- EXERCISE BRIEF
Exclude the images and transcribe the entries below precisely.

■ ■ ■ ■ ■

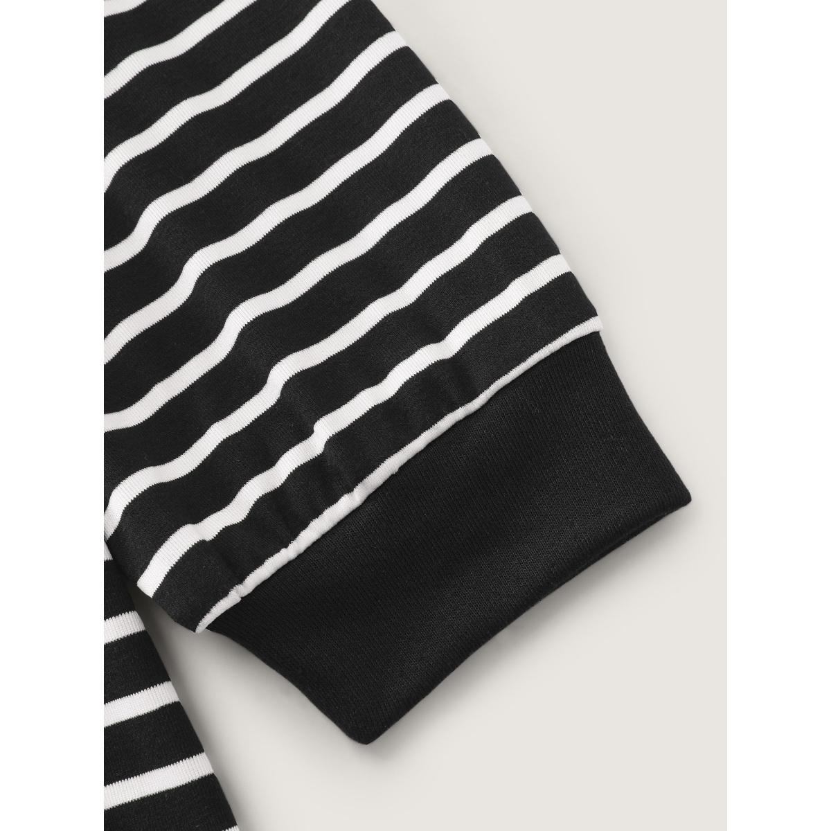 Plus Size Contrast Striped Basic Crew Neck Sweatshirt Women Black Casual Contrast Round Neck Dailywear Sweatshirts BloomChic 10/M
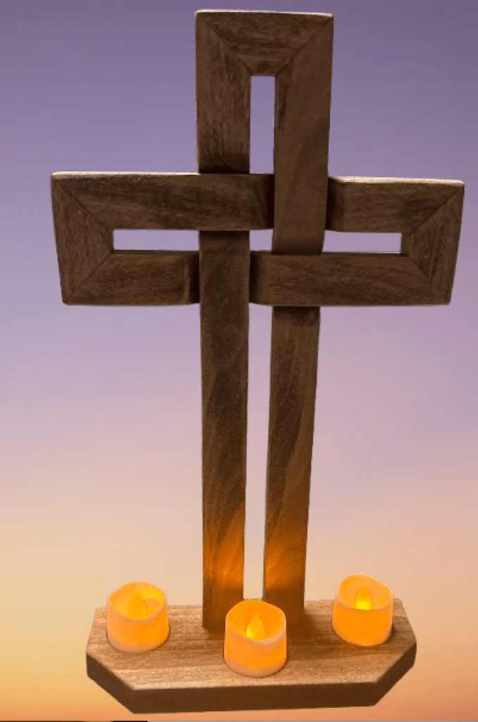 14 X 8 inch wood cross with three battery operated candles. Various stain and wood type options available. $40
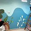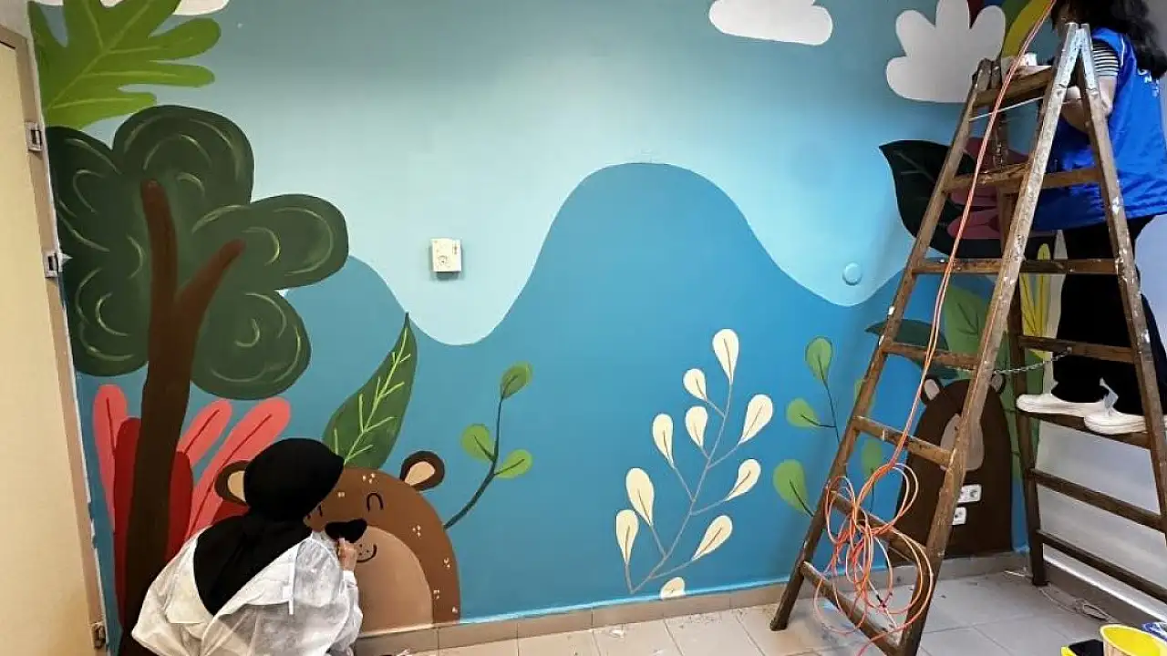 Düzce'de gençler Muncurlu'da yapımı devam eden Kadın Doğum ve Çocuk Hastanesinin duvarlarına çizgi film karakterleri ile çizerek boyadı.
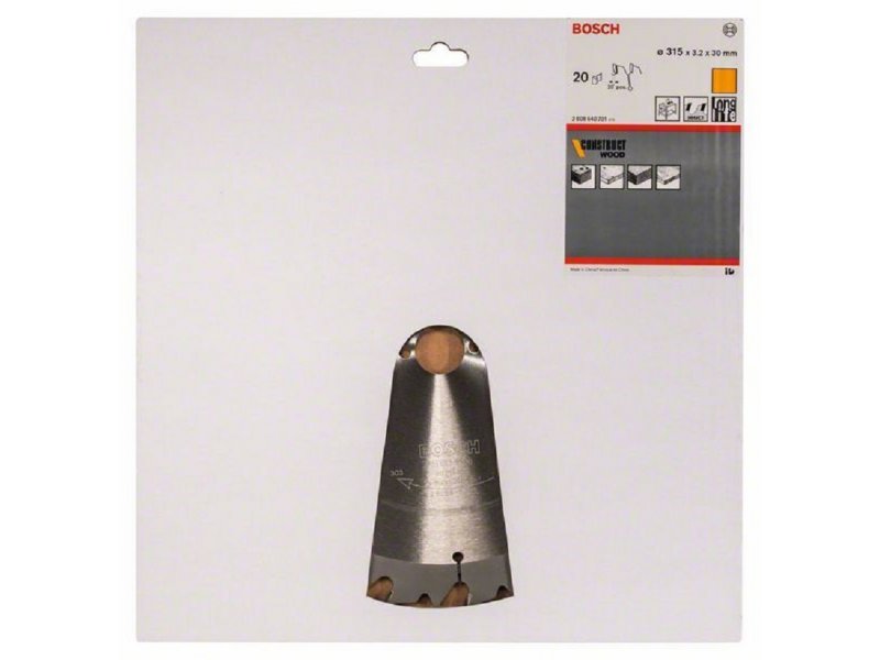 | Karakteristike | Bosch 2608640701 osobine: 315 x 30 x 3,2 mm; 20 Tehničke karakteristike: Spoljni prečnik mm: 315 Otvor mm: 30 Širina sečenja (b1) mm / debljina osnovnog lista (b2) mm: 3.2/2.2 Broj zubaca: 20 Oblik zubaca: ATB Maks. broj obrtaja (o/min): 5000 Rezultat sečenja: 1 NL/prečnik TKS: 7/42 Pogodno za: Drvo | daske oplate Drvo | ploča od iverice Drvo | akustične ploče Drvo | ploče za laganu konstrukciju Beton | porozni beton Drvo | građevinsko drvo/konstrukciono drvo/drvene grede |
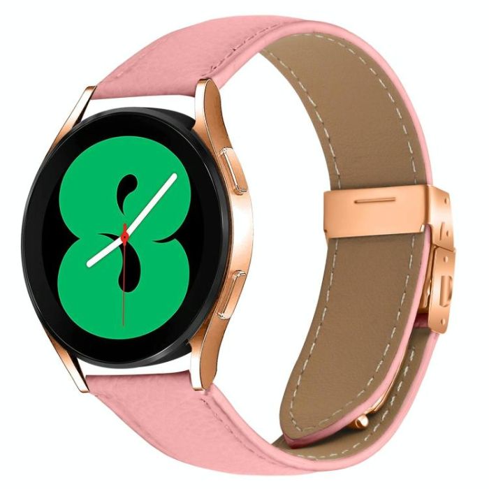 20mm Lychee Texture Rose Gold Turtle Back Buckle Leather Watch Band(Pink)
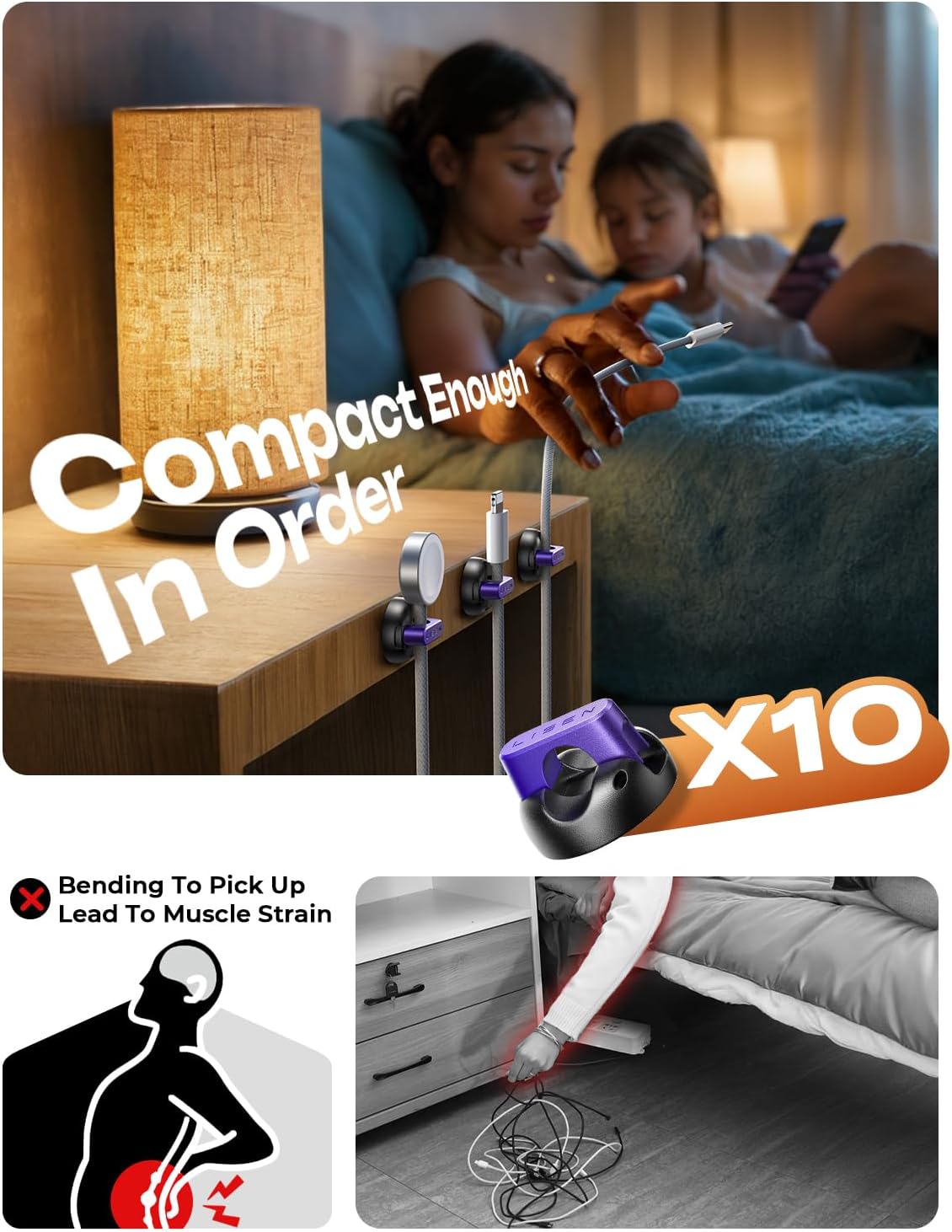 10-Pack Magnetic Cable Clips [1S Snap-On] Cord Holder, LISEN Office Desk Organizers and Accessories with 5 Extra Strong Adhesive Pads, Wire Organizer for Nightstand, Home, Wall, Car, Desktop, Purple

■ ■ ■ ■ ■

- WRITTEN SOLUTION
 Plus Size Contrast Striped Basic Crew Neck Sweatshirt Women Black Casual Contrast Round Neck Dailywear Sweatshirts BloomChic 10/M
 14 X 8 inch wood cross with three battery operated candles. Various stain and wood type options available. $40
 Düzce'de gençler Muncurlu'da yapımı devam eden Kadın Doğum ve Çocuk Hastanesinin duvarlarına çizgi film karakterleri ile çizerek boyadı.
 | Karakteristike | Bosch 2608640701 osobine: 315 x 30 x 3,2 mm; 20 Tehničke karakteristike: Spoljni prečnik mm: 315 Otvor mm: 30 Širina sečenja (b1) mm / debljina osnovnog lista (b2) mm: 3.2/2.2 Broj zubaca: 20 Oblik zubaca: ATB Maks. broj obrtaja (o/min): 5000 Rezultat sečenja: 1 NL/prečnik TKS: 7/42 Pogodno za: Drvo | daske oplate Drvo | ploča od iverice Drvo | akustične ploče Drvo | ploče za laganu konstrukciju Beton | porozni beton Drvo | građevinsko drvo/konstrukciono drvo/drvene grede |
 20mm Lychee Texture Rose Gold Turtle Back Buckle Leather Watch Band(Pink)
 10-Pack Magnetic Cable Clips [1S Snap-On] Cord Holder, LISEN Office Desk Organizers and Accessories with 5 Extra Strong Adhesive Pads, Wire Organizer for Nightstand, Home, Wall, Car, Desktop, Purple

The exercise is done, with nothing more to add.